Минут через сорок Варвара вышла из ванной комнаты, с порозовевшими щеками, в махровом халате хозяйки дома. Граф радостно завизжал и проглотил сосиску. Варвара прошла по приглашению хозяйки на кухню и села на табурет возле обеденного стола.
Скромна была кухня бывшей учительницы. Кроме кухонного стола, покрытого весёленькой клеёнкой, и двух табуретов, стоял в ней старенький посудный шкаф, да эмалированная белая мойка одиноко лепилась к серой стене, как ласточкино гнездо. Главной здесь была газовая печка с двумя конфорками и духовкой. Из этой пышущей жаром духовки хозяйка вынула противень, на котором красовались румяные пышки.
- Будем пить чай! - объявила Марина Дмитриевна. Чай был налит в фаянсовые кружки с сиреневыми цветочками и женщины приступили к чаепитию. Скромен и трогателен был их воскресный завтрак. Варвара пила чай истово и бесшумно, чем заслужила молчаливое одобрение своей покровительницы. Марине Дмитриевне не терпелось расспросить незнакомку о том, почему она ночевала в подъезде, но она сдерживала своё любопытство, понимая, что оно может быть неприятным для Варвары. Варвара, в свою очередь, понимала, что следует как-то объяснить своё положение. Так, некоторое время они пили чай, молча, но, наконец, Варвара первой нарушила молчание и сказала только одну фразу, которая сразу всё объяснила:
- Я с Донбасса!
- Беженка!
- Беженка!
- Но для вас, таких, есть ведь специальные центры. Вы туда обращались?
- Есть. Обращалась. Меня направили в Тулу.
- В Тулу! И как же Вы очутились в Волгограде?
- Это длинная история, - со вздохом сказала Варвара.
- А нам куда торопиться? Рассказывайте всё по порядку.

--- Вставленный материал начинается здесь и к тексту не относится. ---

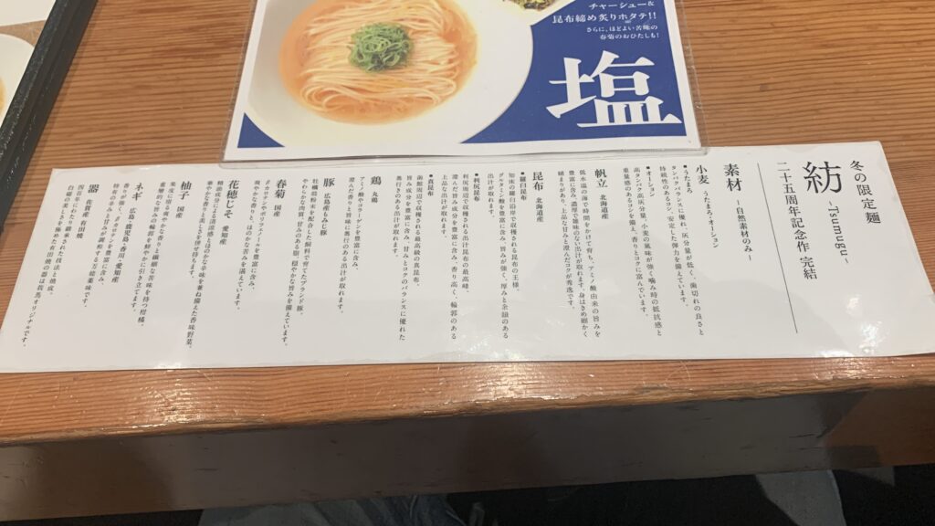 25周年の冬の限定麺「紡」 期間限定麺

До войны Варвара жила хорошо. Она считала, что хорошо, зажиточно. У них с мужем был свой дом и трёх комнатах, и кусочек земли с плодовыми деревьями: яблонями, грушами, вишнями и черешнями. Часть земли была отведена под огород. Варвара занималась домом, садом и огородом, а муж, Михаил, работал электриком на шахте. Денег хватало, и даже удавалось понемножку откладывать на чёрный день. Варвара держала кур, делала закрутки и каждую осень полки в подвале ломились от банок с солёными помидорами, огурцами, перцами, квашеной капусткой, компотами. Была своя картошка, лук, свёкла, яйца. Куриное мясо Варвара консервировала. И понемножку гнала самогон, чтобы было, что выпить по праздникам. Словом, дом был - полная чаша. Одно было плохо: у Варвары и Михаила не было детей. В молодости это их огорчало, но потом они привыкли, что детей нет, и не будет. Они помогали своим племянникам: двоим со стороны Варвары и одному со стороны Михаила. Давали им фрукты и овощи со своего огорода, делились банками с куриными консервами. Так тихо и мирно они жили и, наверное, так бы и состарились в своём уютном доме, но жизнь распорядилась иначе. А распорядилась она нехорошо и несправедливо. В Донбассе началась АТО - антитеррористическая операция. Варвара поначалу не особо вникала в суть, кто против кого и кто эти самые "террористы". Но когда оказалось, что их сосед справа - Николай Николаич, а попросту Колян, охранник на местной ТЭЦ, с которым по праздникам Михаил опрокидывал стаканы самогонки за одним столом, ушёл в ополчение, и, стало быть, стал, с точки зрения новых киевских властей, террористом, Варвара задумалась. Но когда оказалось, что их сосед слева, водитель автобуса Владимир Иванович, а попросту Вован, который был в компании Коляна и Михаила, третьим, тоже ушёл в ополчение, Варвара задумалась ещё крепче.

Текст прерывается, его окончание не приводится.